Background: Maternal smoking has repeatedly been associated with increased infant mortality rates. No study has investigated whether smoking cessation influences the risk of infant death. This study estimates infant mortality after the second pregnancy in relation to smoking behavior in both the first and the second pregnancy.
Methods: We used the Swedish Medical Birth Register to identify women who delivered their first and second singleton infants during 1983-2002. Maternal smoking during the 2 pregnancies was categorized into (1) never smoker, (2) quitter, (3) starter, and (4) persistent smoker.

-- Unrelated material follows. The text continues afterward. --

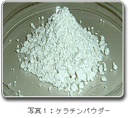 羊毛のケラチン蛋白質を抽出する方法には、酸化法と還元法との二つの方法があります。当センターでは高分子量の蛋白質が得られる還元抽出法を用いて、羊毛からケラチン蛋白質を抽出・精製し、この溶液を微粉末化して水に可溶性の活性ケラチンパウダー(粉末)を開発し(写真1)、これを原材料として各種製品を試作しました。
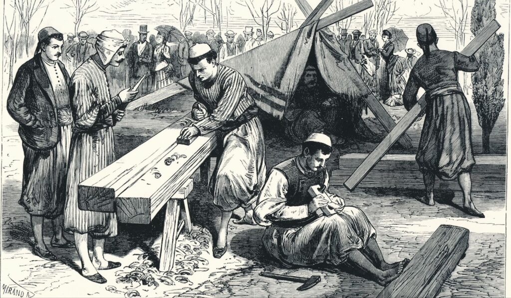- Turkish Builders at The Crystal Palace Exposition, 1851, Etching, Vintage print from Jamila Salimpour’s Danse Orientale Archives, Public Domain. In article

In the second pregnancy, 555,046 live births (of at least 22 completed gestational weeks) were followed for infant death within 1 year. Cox regression was used to estimate hazard ratios (HRs) with 95% confidence intervals (CIs).
Results: Compared with infants born to never smokers, the HR (95% CI) of infant mortality in the second pregnancy was 2.0 (1.7-2.4) among infants born to persistently heavy smokers, whereas among women who stopped smoking in the second pregnancy, the HRs were 1.4 (1.0-2.0) among those who had been heavy smokers in the first pregnancy, and 1.0 (0.8-1.2) among those who had been light smokers. The association of smoking during pregnancy with infant mortality was modified by infant's age, and was strongest at 4-15 weeks after birth. The smoking effect on neonatal mortality, but not postneonatal mortality, was mediated by gestational age.
Conclusions: Smoking cessation reduced the risk of infant death. The smoking-related risk of neonatal mortality appears to be mediated by smoking effects on gestational age, a factor that only partly explains the association between smoking and postneonatal mortality.